Problem statement:
Check each line of the listing, and copy it if it contains the word "rates".

Source data:
..............................
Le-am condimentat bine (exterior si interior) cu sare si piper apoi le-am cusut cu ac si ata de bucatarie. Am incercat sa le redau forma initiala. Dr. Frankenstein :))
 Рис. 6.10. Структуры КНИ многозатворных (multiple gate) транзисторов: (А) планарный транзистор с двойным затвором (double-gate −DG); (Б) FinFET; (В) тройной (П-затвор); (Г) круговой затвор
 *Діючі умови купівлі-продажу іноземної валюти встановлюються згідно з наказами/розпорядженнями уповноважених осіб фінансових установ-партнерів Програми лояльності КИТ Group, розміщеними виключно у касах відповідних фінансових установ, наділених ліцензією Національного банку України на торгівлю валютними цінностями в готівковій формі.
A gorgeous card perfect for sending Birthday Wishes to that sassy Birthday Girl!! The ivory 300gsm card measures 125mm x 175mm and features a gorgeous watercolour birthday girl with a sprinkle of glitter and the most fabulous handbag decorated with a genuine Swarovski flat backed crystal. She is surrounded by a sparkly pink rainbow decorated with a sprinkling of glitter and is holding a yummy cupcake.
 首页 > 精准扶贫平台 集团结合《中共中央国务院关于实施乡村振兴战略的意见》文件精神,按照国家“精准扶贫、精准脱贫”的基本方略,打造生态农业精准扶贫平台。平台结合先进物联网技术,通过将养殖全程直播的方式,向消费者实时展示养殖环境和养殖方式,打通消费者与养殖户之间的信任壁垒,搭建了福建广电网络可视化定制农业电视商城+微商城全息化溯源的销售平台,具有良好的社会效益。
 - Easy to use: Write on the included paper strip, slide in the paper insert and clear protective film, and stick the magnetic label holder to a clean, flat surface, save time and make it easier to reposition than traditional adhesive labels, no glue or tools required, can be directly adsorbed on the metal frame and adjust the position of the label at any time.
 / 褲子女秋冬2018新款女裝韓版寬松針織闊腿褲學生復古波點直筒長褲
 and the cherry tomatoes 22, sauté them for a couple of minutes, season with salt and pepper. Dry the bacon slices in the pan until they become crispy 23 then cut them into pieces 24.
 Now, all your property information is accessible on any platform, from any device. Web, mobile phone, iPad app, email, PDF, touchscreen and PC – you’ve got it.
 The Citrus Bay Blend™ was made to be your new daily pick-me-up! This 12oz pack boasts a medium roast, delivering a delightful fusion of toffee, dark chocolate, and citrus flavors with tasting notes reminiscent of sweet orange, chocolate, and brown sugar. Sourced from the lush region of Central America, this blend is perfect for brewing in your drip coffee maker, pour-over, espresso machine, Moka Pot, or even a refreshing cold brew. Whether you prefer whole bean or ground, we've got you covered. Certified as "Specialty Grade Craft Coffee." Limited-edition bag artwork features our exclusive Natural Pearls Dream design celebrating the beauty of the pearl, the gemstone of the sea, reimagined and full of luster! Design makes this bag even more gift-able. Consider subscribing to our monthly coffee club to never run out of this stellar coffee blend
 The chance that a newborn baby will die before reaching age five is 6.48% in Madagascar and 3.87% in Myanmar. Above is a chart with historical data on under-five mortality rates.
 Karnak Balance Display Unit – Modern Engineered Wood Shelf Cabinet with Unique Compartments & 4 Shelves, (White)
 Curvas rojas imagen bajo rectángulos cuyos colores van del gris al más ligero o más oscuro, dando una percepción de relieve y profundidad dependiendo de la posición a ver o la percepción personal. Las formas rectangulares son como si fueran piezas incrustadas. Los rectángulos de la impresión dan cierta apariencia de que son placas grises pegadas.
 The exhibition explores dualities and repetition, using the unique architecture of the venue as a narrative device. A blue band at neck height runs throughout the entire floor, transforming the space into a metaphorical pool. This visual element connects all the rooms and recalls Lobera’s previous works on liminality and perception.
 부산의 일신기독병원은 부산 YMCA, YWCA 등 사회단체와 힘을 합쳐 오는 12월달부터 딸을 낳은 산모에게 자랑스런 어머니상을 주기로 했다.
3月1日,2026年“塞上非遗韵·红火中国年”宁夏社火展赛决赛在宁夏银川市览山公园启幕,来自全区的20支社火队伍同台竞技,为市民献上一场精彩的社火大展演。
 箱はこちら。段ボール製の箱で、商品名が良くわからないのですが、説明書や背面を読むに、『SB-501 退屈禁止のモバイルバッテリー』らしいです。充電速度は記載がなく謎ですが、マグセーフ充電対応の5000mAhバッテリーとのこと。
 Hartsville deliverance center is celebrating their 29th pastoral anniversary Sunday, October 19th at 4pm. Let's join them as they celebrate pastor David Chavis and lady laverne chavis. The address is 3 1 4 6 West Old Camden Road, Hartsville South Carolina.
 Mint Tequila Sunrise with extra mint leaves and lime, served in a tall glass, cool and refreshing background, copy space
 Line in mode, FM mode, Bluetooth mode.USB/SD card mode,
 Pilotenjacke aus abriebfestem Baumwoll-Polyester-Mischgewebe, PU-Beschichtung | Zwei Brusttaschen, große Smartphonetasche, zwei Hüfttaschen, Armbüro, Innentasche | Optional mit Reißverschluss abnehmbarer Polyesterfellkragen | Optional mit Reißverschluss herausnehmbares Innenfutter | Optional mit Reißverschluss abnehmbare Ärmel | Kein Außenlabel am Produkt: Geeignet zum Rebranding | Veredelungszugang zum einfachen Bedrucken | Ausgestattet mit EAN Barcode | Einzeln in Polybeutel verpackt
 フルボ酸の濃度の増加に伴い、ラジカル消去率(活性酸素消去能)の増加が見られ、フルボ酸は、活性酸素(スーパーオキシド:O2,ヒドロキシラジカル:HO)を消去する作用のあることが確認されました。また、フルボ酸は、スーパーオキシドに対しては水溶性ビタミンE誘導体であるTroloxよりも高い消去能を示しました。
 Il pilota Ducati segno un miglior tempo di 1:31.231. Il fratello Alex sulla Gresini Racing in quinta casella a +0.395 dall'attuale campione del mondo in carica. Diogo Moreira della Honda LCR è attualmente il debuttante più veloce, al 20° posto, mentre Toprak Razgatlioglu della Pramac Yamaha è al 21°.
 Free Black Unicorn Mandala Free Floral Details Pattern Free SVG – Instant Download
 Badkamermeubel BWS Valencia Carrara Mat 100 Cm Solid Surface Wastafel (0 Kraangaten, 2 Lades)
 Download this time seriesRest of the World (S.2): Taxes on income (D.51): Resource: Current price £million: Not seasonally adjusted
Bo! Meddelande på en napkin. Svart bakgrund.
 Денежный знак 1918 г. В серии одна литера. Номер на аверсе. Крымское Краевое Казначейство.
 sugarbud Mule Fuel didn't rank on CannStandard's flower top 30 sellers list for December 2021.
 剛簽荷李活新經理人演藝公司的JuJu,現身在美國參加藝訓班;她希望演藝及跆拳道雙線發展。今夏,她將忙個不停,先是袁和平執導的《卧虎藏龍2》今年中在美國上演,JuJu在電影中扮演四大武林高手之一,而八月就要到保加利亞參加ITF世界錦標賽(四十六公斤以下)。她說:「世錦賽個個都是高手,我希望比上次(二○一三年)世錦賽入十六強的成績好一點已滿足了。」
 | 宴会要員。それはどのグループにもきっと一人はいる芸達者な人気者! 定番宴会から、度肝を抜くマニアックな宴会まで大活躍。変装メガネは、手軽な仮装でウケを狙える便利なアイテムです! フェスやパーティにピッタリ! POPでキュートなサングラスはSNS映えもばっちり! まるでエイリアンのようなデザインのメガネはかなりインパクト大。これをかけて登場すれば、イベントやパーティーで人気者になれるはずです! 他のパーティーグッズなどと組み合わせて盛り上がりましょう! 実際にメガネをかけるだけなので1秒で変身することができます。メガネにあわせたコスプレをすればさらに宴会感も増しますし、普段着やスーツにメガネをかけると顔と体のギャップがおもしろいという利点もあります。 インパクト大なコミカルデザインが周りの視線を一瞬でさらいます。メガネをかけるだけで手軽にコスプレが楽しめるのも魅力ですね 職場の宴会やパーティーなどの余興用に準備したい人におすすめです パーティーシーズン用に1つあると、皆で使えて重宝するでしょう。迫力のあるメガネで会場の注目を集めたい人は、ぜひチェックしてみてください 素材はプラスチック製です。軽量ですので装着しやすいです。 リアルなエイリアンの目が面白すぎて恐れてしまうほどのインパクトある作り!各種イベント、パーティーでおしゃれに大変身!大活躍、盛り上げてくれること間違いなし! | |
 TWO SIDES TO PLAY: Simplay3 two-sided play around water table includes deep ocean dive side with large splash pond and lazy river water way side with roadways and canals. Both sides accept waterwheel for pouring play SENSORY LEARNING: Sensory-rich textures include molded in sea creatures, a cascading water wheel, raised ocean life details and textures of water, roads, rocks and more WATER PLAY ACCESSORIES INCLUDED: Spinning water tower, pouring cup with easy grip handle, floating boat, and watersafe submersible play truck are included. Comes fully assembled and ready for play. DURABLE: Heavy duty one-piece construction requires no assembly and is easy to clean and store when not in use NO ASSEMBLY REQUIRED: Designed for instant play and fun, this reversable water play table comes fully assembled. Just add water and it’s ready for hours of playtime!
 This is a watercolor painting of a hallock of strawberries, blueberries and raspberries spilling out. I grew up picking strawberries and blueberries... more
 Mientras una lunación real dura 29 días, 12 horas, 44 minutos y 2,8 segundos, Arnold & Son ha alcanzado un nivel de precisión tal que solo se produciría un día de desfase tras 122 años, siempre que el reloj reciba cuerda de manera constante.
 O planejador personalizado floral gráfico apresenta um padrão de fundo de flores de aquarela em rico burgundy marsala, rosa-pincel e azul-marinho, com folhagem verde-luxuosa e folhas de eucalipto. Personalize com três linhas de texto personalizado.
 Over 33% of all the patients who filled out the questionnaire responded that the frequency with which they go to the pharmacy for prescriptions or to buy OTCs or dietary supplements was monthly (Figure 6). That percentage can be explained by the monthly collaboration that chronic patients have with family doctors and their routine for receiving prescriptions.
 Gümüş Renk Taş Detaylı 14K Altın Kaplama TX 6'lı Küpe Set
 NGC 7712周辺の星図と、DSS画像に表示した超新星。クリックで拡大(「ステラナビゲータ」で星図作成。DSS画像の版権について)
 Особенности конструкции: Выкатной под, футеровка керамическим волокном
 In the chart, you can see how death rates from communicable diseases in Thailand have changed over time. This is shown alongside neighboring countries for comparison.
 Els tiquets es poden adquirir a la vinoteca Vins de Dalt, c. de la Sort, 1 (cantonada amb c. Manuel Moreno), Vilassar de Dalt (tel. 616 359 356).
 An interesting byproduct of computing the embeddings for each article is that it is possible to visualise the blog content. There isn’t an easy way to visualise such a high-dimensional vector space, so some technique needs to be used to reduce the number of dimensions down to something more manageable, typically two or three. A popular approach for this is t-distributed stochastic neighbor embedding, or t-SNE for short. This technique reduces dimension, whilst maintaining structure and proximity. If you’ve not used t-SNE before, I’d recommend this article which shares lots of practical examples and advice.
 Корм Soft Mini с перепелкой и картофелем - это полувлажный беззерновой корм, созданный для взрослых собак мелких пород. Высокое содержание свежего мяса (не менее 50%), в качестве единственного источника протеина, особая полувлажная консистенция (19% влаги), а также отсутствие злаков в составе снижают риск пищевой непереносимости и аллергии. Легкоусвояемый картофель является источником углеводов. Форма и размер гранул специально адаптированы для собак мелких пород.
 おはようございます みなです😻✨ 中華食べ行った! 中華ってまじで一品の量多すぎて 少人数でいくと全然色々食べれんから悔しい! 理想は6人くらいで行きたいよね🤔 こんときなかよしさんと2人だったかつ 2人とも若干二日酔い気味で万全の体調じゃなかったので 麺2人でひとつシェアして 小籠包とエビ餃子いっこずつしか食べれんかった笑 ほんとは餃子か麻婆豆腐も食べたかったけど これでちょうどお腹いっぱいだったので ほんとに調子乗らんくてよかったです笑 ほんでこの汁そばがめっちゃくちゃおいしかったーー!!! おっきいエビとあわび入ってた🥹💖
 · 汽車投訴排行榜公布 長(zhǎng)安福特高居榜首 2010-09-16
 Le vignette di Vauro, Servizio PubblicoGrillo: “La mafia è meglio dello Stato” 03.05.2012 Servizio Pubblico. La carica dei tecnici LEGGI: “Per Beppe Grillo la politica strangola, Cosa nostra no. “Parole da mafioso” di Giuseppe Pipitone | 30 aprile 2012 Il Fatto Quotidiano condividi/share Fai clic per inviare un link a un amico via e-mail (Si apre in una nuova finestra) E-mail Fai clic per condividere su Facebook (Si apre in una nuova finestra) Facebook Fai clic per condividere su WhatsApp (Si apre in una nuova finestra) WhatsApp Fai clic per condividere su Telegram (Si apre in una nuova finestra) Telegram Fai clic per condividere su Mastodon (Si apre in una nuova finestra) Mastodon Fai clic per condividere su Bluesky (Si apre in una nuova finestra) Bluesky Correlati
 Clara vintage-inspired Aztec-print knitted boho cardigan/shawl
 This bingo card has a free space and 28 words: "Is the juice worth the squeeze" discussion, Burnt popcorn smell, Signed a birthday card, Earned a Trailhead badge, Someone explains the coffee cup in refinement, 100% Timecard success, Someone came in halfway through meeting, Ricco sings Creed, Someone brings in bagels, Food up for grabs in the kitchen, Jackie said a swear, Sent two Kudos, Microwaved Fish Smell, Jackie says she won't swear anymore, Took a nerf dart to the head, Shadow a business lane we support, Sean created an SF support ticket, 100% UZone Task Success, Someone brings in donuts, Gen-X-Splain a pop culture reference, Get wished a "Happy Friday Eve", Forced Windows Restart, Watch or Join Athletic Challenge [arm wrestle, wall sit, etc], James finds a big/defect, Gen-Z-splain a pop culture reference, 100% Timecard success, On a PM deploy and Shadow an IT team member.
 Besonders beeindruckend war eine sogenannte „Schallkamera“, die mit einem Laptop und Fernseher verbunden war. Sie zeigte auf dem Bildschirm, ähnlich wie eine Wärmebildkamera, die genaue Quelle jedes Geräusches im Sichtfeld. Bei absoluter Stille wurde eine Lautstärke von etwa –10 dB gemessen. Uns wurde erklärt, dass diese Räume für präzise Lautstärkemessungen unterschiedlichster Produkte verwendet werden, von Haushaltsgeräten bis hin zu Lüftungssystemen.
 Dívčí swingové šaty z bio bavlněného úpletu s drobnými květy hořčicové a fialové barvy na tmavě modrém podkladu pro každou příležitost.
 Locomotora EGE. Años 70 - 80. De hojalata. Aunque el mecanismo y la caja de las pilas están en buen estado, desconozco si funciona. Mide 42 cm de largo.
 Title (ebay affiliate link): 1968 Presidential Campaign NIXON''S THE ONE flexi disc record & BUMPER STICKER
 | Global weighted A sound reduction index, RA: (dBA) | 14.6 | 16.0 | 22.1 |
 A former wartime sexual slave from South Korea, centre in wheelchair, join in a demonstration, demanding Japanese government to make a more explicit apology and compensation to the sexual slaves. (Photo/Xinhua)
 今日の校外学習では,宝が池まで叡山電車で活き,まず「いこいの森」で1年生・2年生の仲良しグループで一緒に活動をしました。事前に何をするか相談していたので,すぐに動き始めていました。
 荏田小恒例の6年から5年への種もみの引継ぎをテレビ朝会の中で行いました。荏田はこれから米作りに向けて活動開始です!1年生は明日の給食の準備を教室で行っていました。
..............................
Exercise answer:
 The chance that a newborn baby will die before reaching age five is 6.48% in Madagascar and 3.87% in Myanmar. Above is a chart with historical data on under-five mortality rates.
 In the chart, you can see how death rates from communicable diseases in Thailand have changed over time. This is shown alongside neighboring countries for comparison.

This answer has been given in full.